Task prompt: Retype the data below exactly, skipping pictures.

Supplied information:
>>>

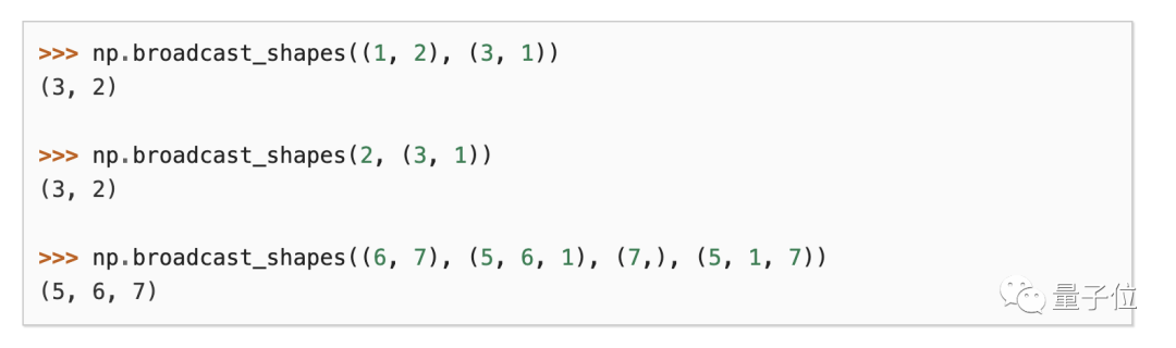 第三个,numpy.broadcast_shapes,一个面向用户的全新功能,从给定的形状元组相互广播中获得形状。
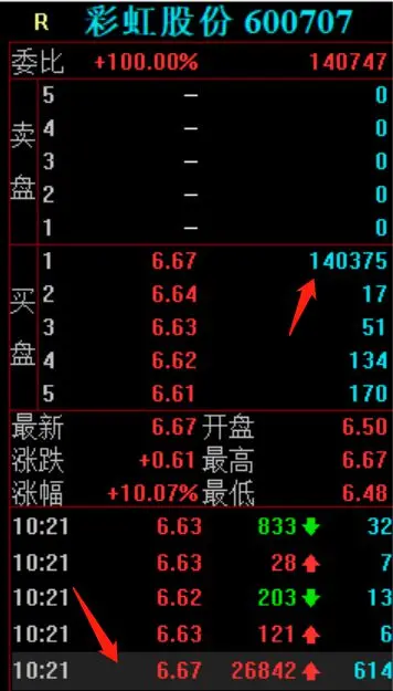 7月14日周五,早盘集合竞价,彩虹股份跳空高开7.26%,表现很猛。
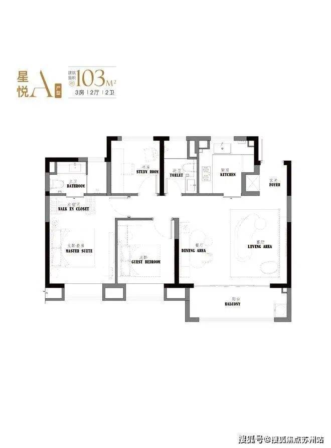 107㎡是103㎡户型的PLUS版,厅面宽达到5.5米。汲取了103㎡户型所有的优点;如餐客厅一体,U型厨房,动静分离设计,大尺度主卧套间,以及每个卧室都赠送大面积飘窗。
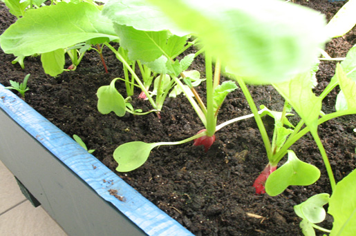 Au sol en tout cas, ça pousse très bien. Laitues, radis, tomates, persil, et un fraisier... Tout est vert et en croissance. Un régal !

<<<

Task result:
 第三个,numpy.broadcast_shapes,一个面向用户的全新功能,从给定的形状元组相互广播中获得形状。
 7月14日周五,早盘集合竞价,彩虹股份跳空高开7.26%,表现很猛。
 107㎡是103㎡户型的PLUS版,厅面宽达到5.5米。汲取了103㎡户型所有的优点;如餐客厅一体,U型厨房,动静分离设计,大尺度主卧套间,以及每个卧室都赠送大面积飘窗。
 Au sol en tout cas, ça pousse très bien. Laitues, radis, tomates, persil, et un fraisier... Tout est vert et en croissance. Un régal !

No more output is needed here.